The excellent test-retest reliability translated into smallest detectable changes of 3 points or less for the different subscales. Being able to detect a difference of 3 points indicates that the currently suggested minimal clinically important change of KOOS of 8-10 [26] is well detectable in groups examined. However on an individual level, greater changes are needed (10.9 to 20.2) for the different subscales to be reliably detected. This means that despite excellent reliability the KOOS is better used for monitoring groups of subjects.

We confirmed content validity at the pre-test evaluation in that the original questionnaire items were relevant for young active individuals undergoing ACLR in Poland. Considering the large number of KOOS translations available in countries with a similar cultural context, we did not ask patients to add items to the existing questionnaire. The construct validity of the KOOS questionnaire was determined by setting up a priori hypotheses and comparing the KOOS subscales with the subscales of the SF–36. We compared the correlations between respective subscales measuring similar or dissimilar constructs. As hypothesized, the highest correlations were observed between SF–36 subscales and KOOS subscales measuring similar constructs while low correlations were seen when comparing subscales measuring dissimilar constructs. Correlation coefficients were comparable to those previously seen by Roos et al. [7] and Goncalves et al. [13].

The results of the responsiveness assessment confirmed that KOOS is able to detect clinical improvement in subjects undergoing ACLR. Further we confirmed the a priori set hypotheses including QOL being the most responsive subscale following ACLR. The pattern found was similar to data reported by Lind et al. in a 2-year follow-up study of 5000 patients having had primary ACLR included in the Danish knee ligament reconstruction registry [30].

There are limitations to be acknowledged.
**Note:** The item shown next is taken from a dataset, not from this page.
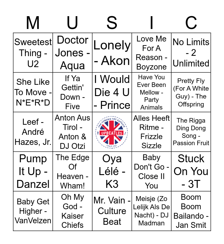 This bingo card has a free space and 24 words: The Edge Of Heaven - Wham!, Oh My God - Kaiser Chiefs, I Would Die 4 U - Prince, Baby Get Higher - VanVelzen, No Limits - 2 Unlimited, Sweetest Thing - U2, She Like To Move - N*E*R*D, Doctor Jones - Aqua, Alles Heeft Ritme - Frizzle Sizzle, Oya Lélé - K3, Have You Ever Been Mellow - Party Animals, Leef - André Hazes, Jr., Baby Don't Go - Close II You, Stuck On You - 3T, If Ya Gettin' Down - Five, Meisje (Zo Lelijk Als De Nacht) - DJ Madman, The Rigga Ding Dong Song - Passion Fruit, Lonely - Akon, Pretty Fly (For A White Guy) - The Offspring, Anton Aus Tirol - Anton & DJ Otzi, Boom Boom Bailando - Jan Smit, Pump It Up - Danzel, Love Me For A Reason - Boyzone and Mr. Vain - Culture Beat.

Since psychometric properties of a questionnaire may depend on the characteristics of the patients included, our findings apply to young adults having ACLR only and not necessarily to elderly with OA or those having other interventions. Further validation of the Polish version of the KOOS in patients with other knee complaints including osteoarthritis is therefore advised.

Conclusion

In conclusion, the present study demonstrated the Polish version of the KOOS being a valid, reliable and responsive outcome measure in young patients having ACLR. The KOOS can be applied as a patient-reported and disease-specific instrument in future studies including ACL injured subjects in Poland.